The sumptuous dalis presented to the gora sahibs by those who would be wished well by them, and the wandering bands of carol singers who mazed a melody as uncertain as a murky and potholed Park Circus gulli, may have been consigned to a foggy past. But despite the diversions it had to take, Christmas in Calcutta was still a red-letter day that reduced circumstances had failed to dislodge. The mainstay of Calcutta’s Christmas tradition was the Anglo-Indian household, to which an invitation had to be inveigled if one wanted the true savour of the season.
Come the first week of December and shopping forays were launched from the back alleys of Wellesley and Eliot Road, Park Lane and Ripon Street to buy the ingredients for a festal reunion when aunts and cousins and friends and in-laws would descend from upcountry railway colonies—or the more distant environs of Australian or Canadian suburbia—in an annual rite of passage.
Little old women in clattering rickshaws converged on the New Market to haggle with salesmen who sat amid peaks of dried fruits whose towering summits graphically represented the ascent of soaring prices.

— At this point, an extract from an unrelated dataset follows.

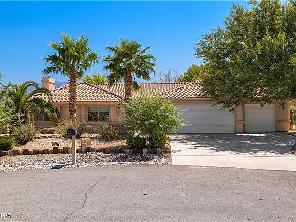 DESERT TRAILS GEM WITH STUNNING MOUNT CHARLESTON VIEWS! ?Discover your dream home in the highly sought-after Desert Trails community! Nestled on a quiet cul-de-sac and sitting on just under 1 acre, this exceptional property offers unmatched views of majestic Mount Charleston. HEATED SALT WATER POOL, SAUNA, 3 Bedrooms | 2 Bathrooms (NEWLY UPDATED| 3-Car Garage 1,923 sq ft of Living Space ON JUST UNDER 1 ACRE Covered deck—perfect for entertaining or relaxing:Cozy brick fireplace in the living area:Ceiling fans throughout the home for year-round comfort:Updated windows and a new HVAC system Relaxing sauna tub in the primary bath :Premier appliances throughout the kitchen:Fully fenced yard with storage shed; Mature beautiful landscaping and fountain. This is your chance to own a slice of paradise with panoramic desert and mountain views, peace, privacy, and space Public water and sewer, Close to shopping, schools, hospitals, and restaurants. And only an easy 50 mile drive to Las Vegas.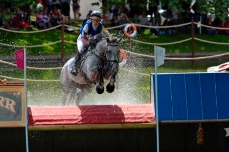 But Mary King’s Imperial Cavalier is a strong horse at the best of times, and the noise from the behind the ropes just spurred him on over the early part of the track. He was running so freely that her compulsory stop after the second water complex, due to fence damage incurred when Japan’s Takayuki Yumira and Latina tipped up at the Cricket Ball Basket (fence 23), may well have been opportune. “I was very nervous of the crowd”, King said after resuming her ride to complete with just 1.2 time penalties, “but it was wonderful to have such support behind us.”

Grudging bargains were struck for candied peel and preserved pumpkin, sugared cherries and wrinkled raisins. Better forget the almonds this year and make do with walnuts or cashews, expensive enough as they are.
Despite such makeshift substitutions, the jealously guarded recipe that each household had worked its alchemy as the ingredients were soaked in rum and sun and mixed into the batter which was dispatched to the clay ovens of the local baker, on whom a sharp eye had to be kept lest he winkle out from the uncooked mixture a particularly tempting cherry or plump sultana.
Appetising aromas wreathed the backlanes like mist and the cakes emerged, golden brown and faintly hissing, to be cooled and enclosed in greaseproof paper and left to mature till the big day, when according to yearly custom they would be unwrapped and exclaimed on and unanimously declared incomparably better than the one that Auntie Mabel, bless her, had sent last year from Marks and Sparks, or was it Sparks and Marks?
Those not fortunate enough to have access to a homemade cake (or even one from Sparks and Marks) could do fairly well for themselves by getting one from Nahum’s in the New Market, considered by many to do the best commercially made fruit cakes in the city. For plum puddings, however, connoisseurs went next door to MXD Gama’s, or Maxo’s as it was popularly known. The one complaint that a purist might make about Maxo’s plum puds was that they did not have embedded in their rich, gooey interiors the local equivalent of sixpence bits which genial hosts delighted in fishing out for favoured guests.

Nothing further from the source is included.